Driven from other lands, they were hailed here. Eor the Polish population consisted of but two classes—the nobles, who owned the soil, and the serfs, who tilled it and who were engaged in simple industries. They needed a middle class, a commercial class, who would bring to this new country that enterprise needed to develop its natural resources. The Jews were found to be such a people. They had rendered a similar service to Hungary. It was they who now directed the working of the salt mines and who farmed the taxes and customs—though not admitted to the handicrafts.
It is a hard saying that the Polish population, just because they were less civilized and Christianity less organized, were more tolerant than in those older countries where the Church held completer sway. Such had been the experience of Jews in Spain in the fifth century. So, although, in 1264 and 1279, Church Assemblies met in Bruda and enacted a series of Jewish restrictions, whose details are familiar to the reader by their monotonous reiteration, they received no local sanction and remained inoperative for many years.
Naturally, the Jews were directly concerned in the checkered career of Poland. They suffered under the Tartar incursion of 1241, and could not have been unaffected by the loss of Silesia and later of Pomerania through rival contests for the throne, and by other losses through outside invasion.
It was in the year 1264 that a charter was drawn up distinctly deciding the status of Jews in Poland. This made them an imperium in imperio, a group granted a sort of local self-government and a limited local independence. While this was disadvantageous in that it prevented more neighborly relations in time of peace, it protected their interests in time of storm.
In 1319 their legal status was equal with that of the Christian.
Casimir's Charter.
But under Casimir III the Great, who reigned from 1310 till 1370, deservedly styled "King of the serfs and Jews," and whose amiable aim it was to restrict the nobility and uplift the masses,—a still more favorable charter was granted. This gave freedom of residence, equal taxation, permission to hold landed property, and special legal rights. Murder of a Jew was to be punished by death—this was new for many lands. Casimir certainly stood alone in addressing the Jews as "our dear and faithful subjects." No king ever tried so hard to lessen their grievances. Consequently, they prospered under such favorable conditions.
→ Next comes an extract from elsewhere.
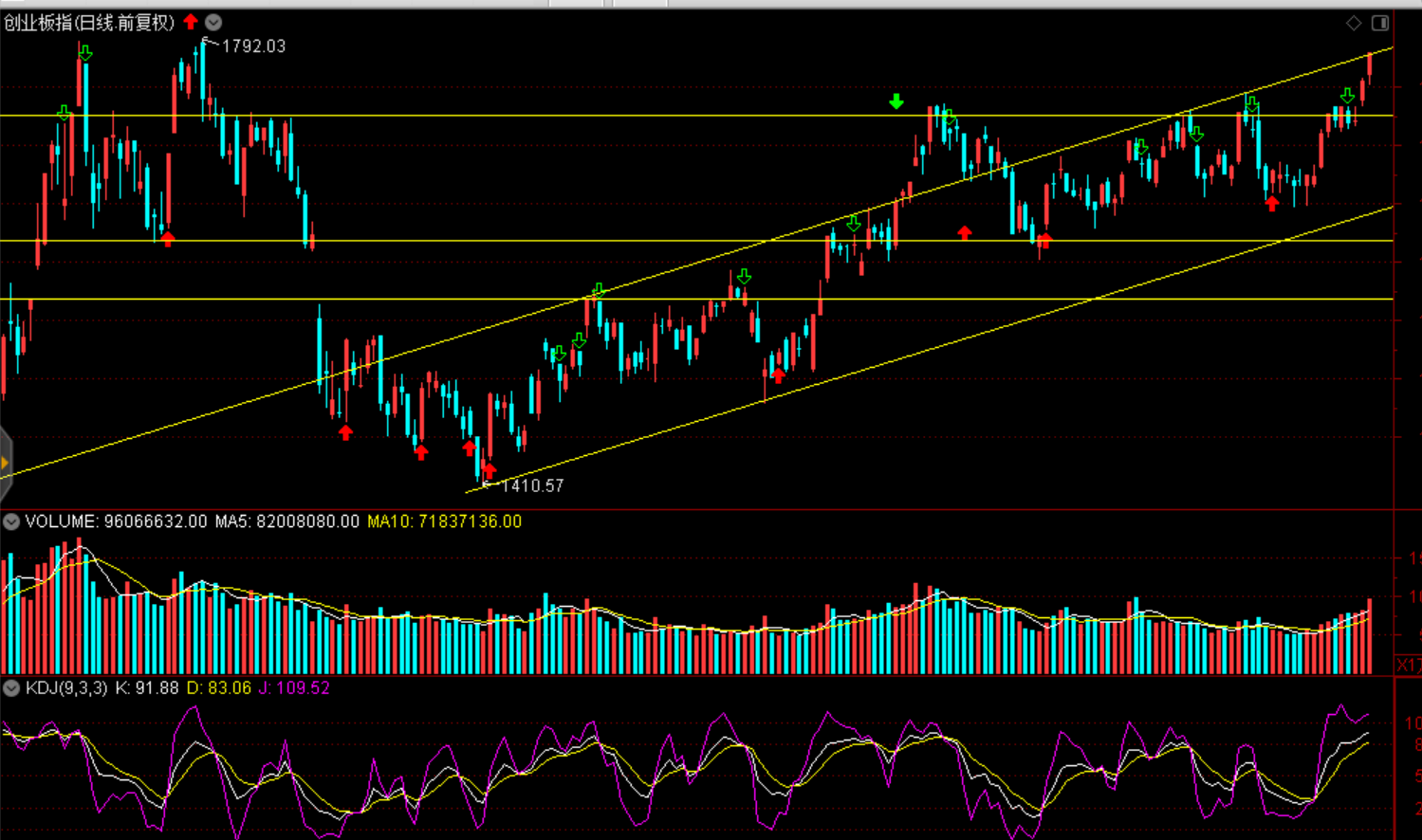 技術(shù)面:短期量?jī)r(jià)配合,延續(xù)震蕩反彈;滬弱深強(qiáng),創(chuàng)業(yè)板50作為市場(chǎng)風(fēng)向標(biāo),謹(jǐn)慎創(chuàng)業(yè)板50(399673)上檔面臨去年5月密集成交區(qū)壓力(1500點(diǎn)一線);創(chuàng)業(yè)板指數(shù)在此觸及自6月以來(lái)上升通道上軌,短期謹(jǐn)慎震蕩回落。

When the anti-Jewish crusade swept over Europe as a sequel to the Black Plague, the cruel slander and its consequent massacre tainted Poland, too, for Casimir was dead. But the numbers slain (ten thousand), though large absolutely, were relatively small.
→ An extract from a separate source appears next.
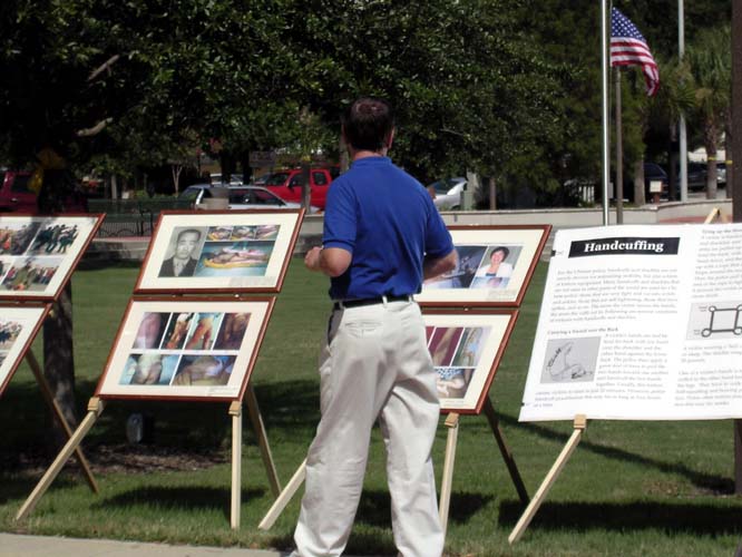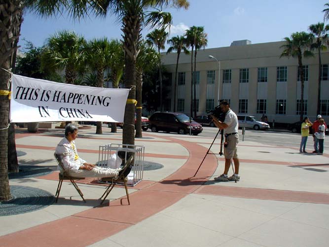 乔-切勒拉法院广场位于休斯伯格县政府(Hillsborough County)大楼的对面。许多县政府工作人员和行人停下来向学员们询问,观看展板,签请愿信,并索要更多的信息。他们中许多人对中国大陆学员们的遭遇表示同情,并对学员们在残酷迫害下不放弃自己的信仰表示敬佩。

The turn of the tide came with the next king and the next dynasty—the Jagellon. Commercial jealousy plus religious fanaticism brought the change. The rising power of the clergy was demonstrated in the dissemination in Posen of the threadbare fable of a host, desecrated by Jews, miraculously shedding blood. This meant forced "confession" on the rack. We are almost prepared for the next step. A priest leads an anti-Jewish riot at Cracow, in 1407. Then came the Hussite uprising, when feeling ran high; the restrictive laws of the Bruda Assemblies of nigh two hundred years earlier were now put into practice for the first time.
Both Poland and the Jews fared better under Casimir IV, who reigned till the fatal year 1492. Lithuania was now finally united with the land, many lost lands were regained and manufacture and commerce grew by rapid strides, reaching their zenith in the next century under the Sigismunds.
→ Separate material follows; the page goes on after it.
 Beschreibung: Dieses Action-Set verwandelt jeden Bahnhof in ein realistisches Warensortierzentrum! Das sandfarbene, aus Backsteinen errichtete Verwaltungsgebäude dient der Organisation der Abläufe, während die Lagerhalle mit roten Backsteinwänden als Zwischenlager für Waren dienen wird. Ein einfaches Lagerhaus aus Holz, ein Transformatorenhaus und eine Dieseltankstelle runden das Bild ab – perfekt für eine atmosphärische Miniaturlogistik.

On behalf of the Jews, the broad-minded monarch, Casimir IV, renewed the charter of Casimir III that had fallen into abeyance. He even declared that whoever brought against a Jew the charge of desecrating the host—or of using Christian blood for Passover without being able to substantiate it, would be put to death.
But the Church of Poland had by this time reached the power it had long held further west—and, consistent with its policy, determined to tolerate no such favorable attitude towards the Jews, and proceeded deliberately to introduce the more western state of things. This brings Polish Jewry to the social level of those of Germany and Austria and our narrative to the period in which we last considered their fortunes there.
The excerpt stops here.